En l'espèce, la recourante fait valoir que la dégradation de l’état de santé de son père la « place dans un état de détresse psychologique qui dépasse de loin la simple gêne ou la rigueur inhérente à toute exécution de peine » (recours, p. 5, ch. 2). Elle estime qu’elle doit impérativement pouvoir se tenir à son chevet afin de lui apporter son soutien et l’accompagner dans ce qui pourrait bien être ses derniers instants.

3.5

C'est à raison que l'OEP a implicitement considéré, dans ses déterminations du 17 juillet 2026 confirmant le dispositif de la décision entreprise, qu'il n'y avait aucun motif pour que l'exécution de la peine de la condamnée soit reportée, donc a fortiori aucun motif grave au sens légal. En effet, le fait nouvellement allégué en procédure de recours est de nature à être prouvé par pièce, soit par avis médical. Or, la recourante s’est limitée à produire un rapport établissant l’hospitalisation de son père pour diverses atteintes, assurément graves, le pronostic vital étant engagé. Pour autant, l’avis produit n’établit pas que le patient se trouve à l’article de la mort, ni, partant, qu’une veille à son chevet se justifie. La recourante n’a pas donné suite à l’invitation de l’intimée tendant à la production d’une attestation réactualisée, en version originale, concernant l’état de santé de son père, alors même qu’il lui aurait été loisible de pourvoir à cette réquisition, que ce soit auprès de l’OEP ou de l’autorité de céans. En effet, elle a été à même de faire établir le rapport du 11 juin 2026 dont elle se prévaut. Elle n’a donc pas collaboré à l’instruction de la cause dans la mesure exigible d’elle. Il doit dès lors être statué en l’état du dossier.

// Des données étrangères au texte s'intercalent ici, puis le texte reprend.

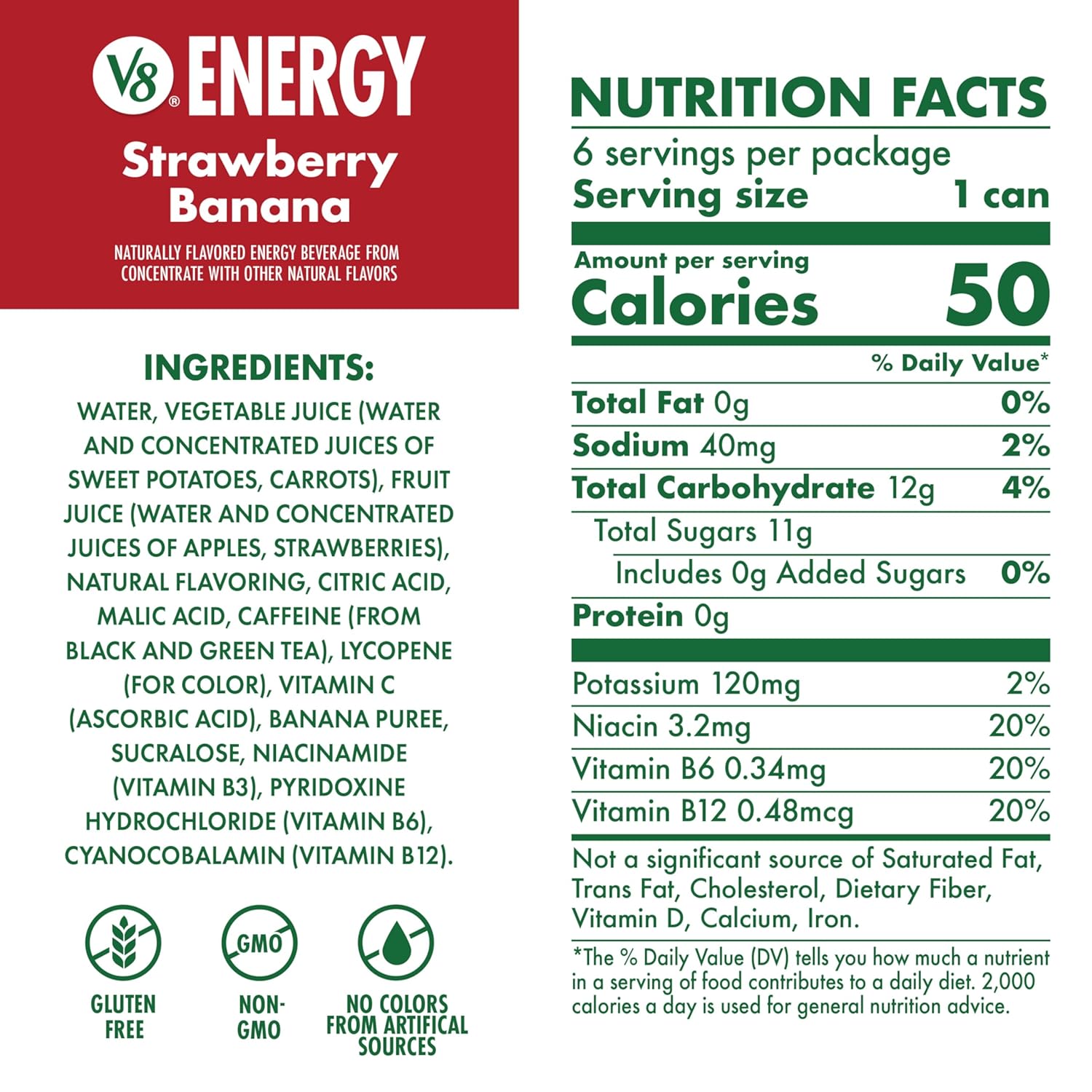 - Twenty-four (24) 8 fl oz cans of V8 +Energy Strawberry Banana Juice Energy Drink

Le fait allégué, soit l’imminence du décès du père de la condamnée, n’est pas établi. Toute hospitalisation d’un proche, serait-ce dans un état critique, ne saurait constituer un motif grave au sens de l’art. 92 CP, à peine d’étendre à l’excès la portée de cette disposition au détriment de l’évident intérêt public à l’exécution des peines et des mesures, lequel constitue la règle alors que l’interruption constitue l’exception. Il n’existe donc aucun motif de nature à justifier un nouveau report de la date d’exécution de peine à quelque terme que ce soit, soit de commander la reconsidération de l’ordre d’exécution de peine du 21 avril 2026. Les conditions d’un réexamen au sens de l’art. 64 al. 1 et 2 LPA-VD ne sont ainsi pas réunies.

Il sera loisible à la condamnée, durant l’exécution de sa peine, de solliciter de l’autorité d’application des peines un congé au sens de l’art. 84 al. 6 CP si elle devait considérer que l’état de santé de son père justifie sa présence à son chevet.

4.

Au vu de ce qui précède, le recours doit être rejeté, dans la mesure où il est recevable, et la décision du 4 juin 2026 confirmée.

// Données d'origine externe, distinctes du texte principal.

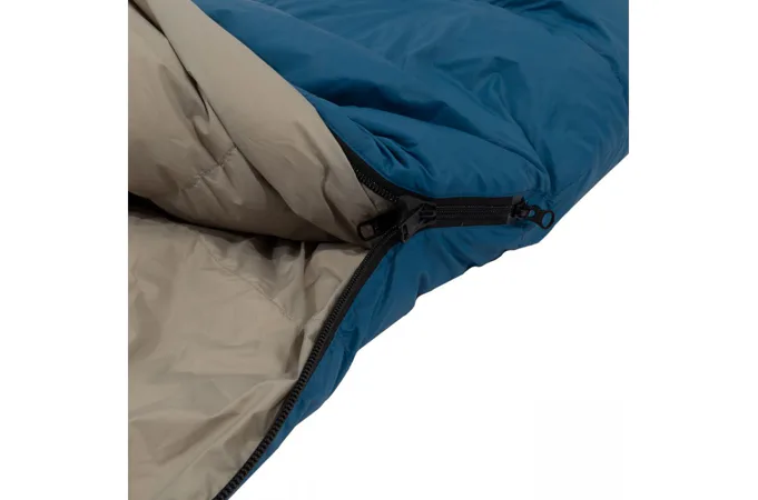 Zapínání: spacák je vybaven značkovým zipem YKK se speciálním plastovým chráničem, který zabraňuje vniknutí látky do jezdce a samovolnému rozepínání. U hlavy je zip ještě zajištěn klopou na suchý zip, která zamezuje samovolnému otevření zipu.

Les frais de la procédure de recours, constitués du seul émolument d’arrêt (art. 422 al. 1 CPP), par 990 fr. (art. 20 al. 1 TFIP [Tarif des frais de procédure et indemnités en matière pénale du 28 septembre 2010 ; BLV 312.03.1]), seront mis à la charge de la recourante, qui succombe (art. 428 al. 1 CPP).

Dispositif

Par ces motifs, la Chambre des recours pénale prononce :

I. Le recours est rejeté dans la mesure où il est recevable. II. La décision du 4 juin 2026 est confirmée.

III. Les frais d’arrêt, par 990 fr. (neuf cent nonante francs), sont mis à la charge de B.________. IV. L’arrêt est exécutoire.

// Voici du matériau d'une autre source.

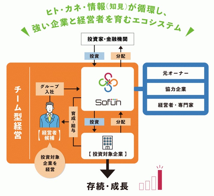 SoFun株式会社は「中小企業が再び輝く社会を作り、日本をおもしろくする。」をビジョンとして、若手経営者の発掘と事業承継型投資(永続保有を前提としたマジョリティ投資)を行うことにより、幅広い企業に「家業から事業への変革」による再成長の機会を提供しています。

La présidente : Le greffier :

Du

Le présent arrêt, dont la rédaction a été approuvée à huis clos, est notifié, par l'envoi d'une copie complète, à :

  • Me Ludovic Tirelli, avocat (pour B.________),

  • Ministère public central,

et communiqué à : - Office d’exécution des peines (réf. OEP/PPL/42272/ECU/NMN),

par l’envoi de photocopies.

Le présent arrêt peut faire l'objet d'un recours en matière pénale devant le Tribunal fédéral au sens des art. 78 ss LTF (loi du 17 juin 2005 sur le Tribunal fédéral ; RS 173.110). Ce recours doit être déposé devant le Tribunal fédéral dans les trente jours qui suivent la notification de l'expédition complète (art. 100 al. 1 LTF).